Neglected tropical diseases

The control of neglected zoonotic diseases: from advocacy to action

report of the fourth international meeting held at WHO Headquarters, Geneva, Switzerland, 19–20 November 2014

WHO/Department of control of neglected tropical diseases

Publication details

Editors: Dr B. Abela-Ridder/Neglected Zoonotic Diseases
Number of pages: 44 p.
Publication date: August 2015
Languages: English
ISBN: 978 92 4 150856 8
WHO reference number:



The fourth International Meeting on the Control of Neglected Zoonotic Diseases (NZDs) was held on 19–20 November 2014. The meeting was financially supported by the European Union seventh framework programme through the ADVANZ (Advocacy for Neglected Zoonotic Diseases) and ICONZ (Integrated Control of Neglected Zoonoses) projects. It was hosted by WHO at its headquarters in Geneva, Switzerland, and opened by the Assistant Director-General, Dr Nakatani.

NZDs are found in communities in low-resource settings across the world, where they impose a dual burden on people’s health and that of the livestock they depend upon. National governments are increasingly seeking to mitigate the impact of NZDs on their citizens by implementing control programmes to address these burdens. These initiatives have been strongly endorsed by the Food and Agriculture Organization of the United Nations, the World Organisation for Animal Health and WHO tripartite and financially supported by members of the broader international community including the Bill & Melinda Gates Foundation, the UK Department for International Development, the European Union, the International Development Research Centre and the CGIAR.
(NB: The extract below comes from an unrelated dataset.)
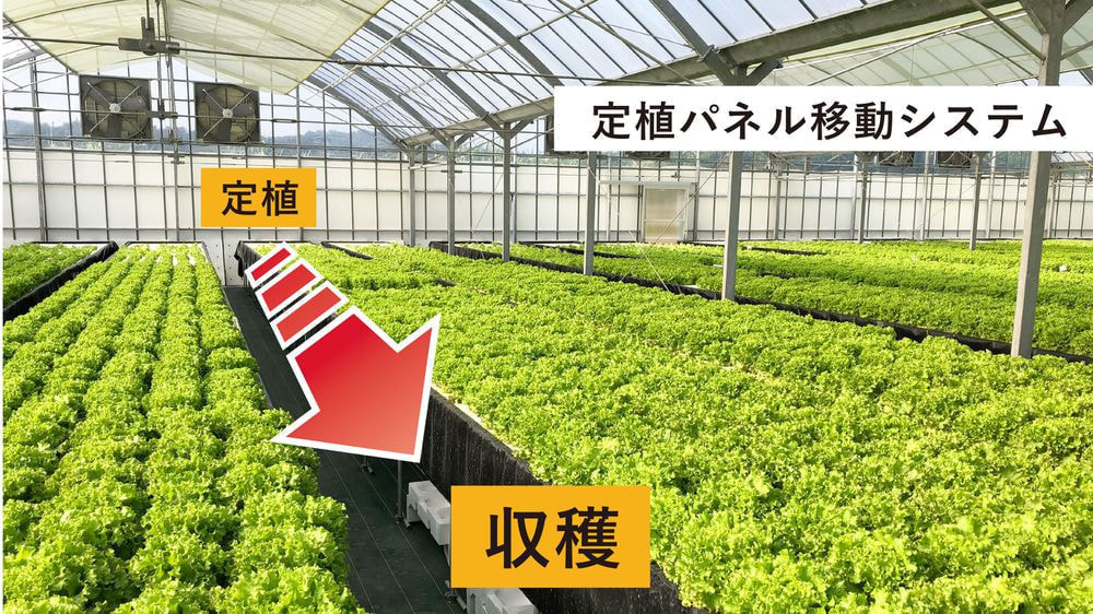 栽培槽内で定植したパネルを一端から入れ、そのパネルを移動しながらもう一端でパネルごと収穫する栽培方法なので収穫スペースは上記の画像のように端だけで通路での作業は保守の時だけです。

WHO’s 2012 Roadmap on accelerating work to overcome the global impact of neglected tropical diseases (NTDs) and Resolution WHA66.12 on NTDs adopted by the World Health Assembly in May 2013 have enhanced the visibility of zoonotic NTDs’ – notably rabies, cysticercosis, echinococcosis, human African trypanosomiasis, foodborne trematodiases and leishmaniasis. Although not specifically included in the WHO Roadmap, other diseases have been addressed by the NZD community such as anthrax, bovine tuberculosis, brucellosis and leptospirosis.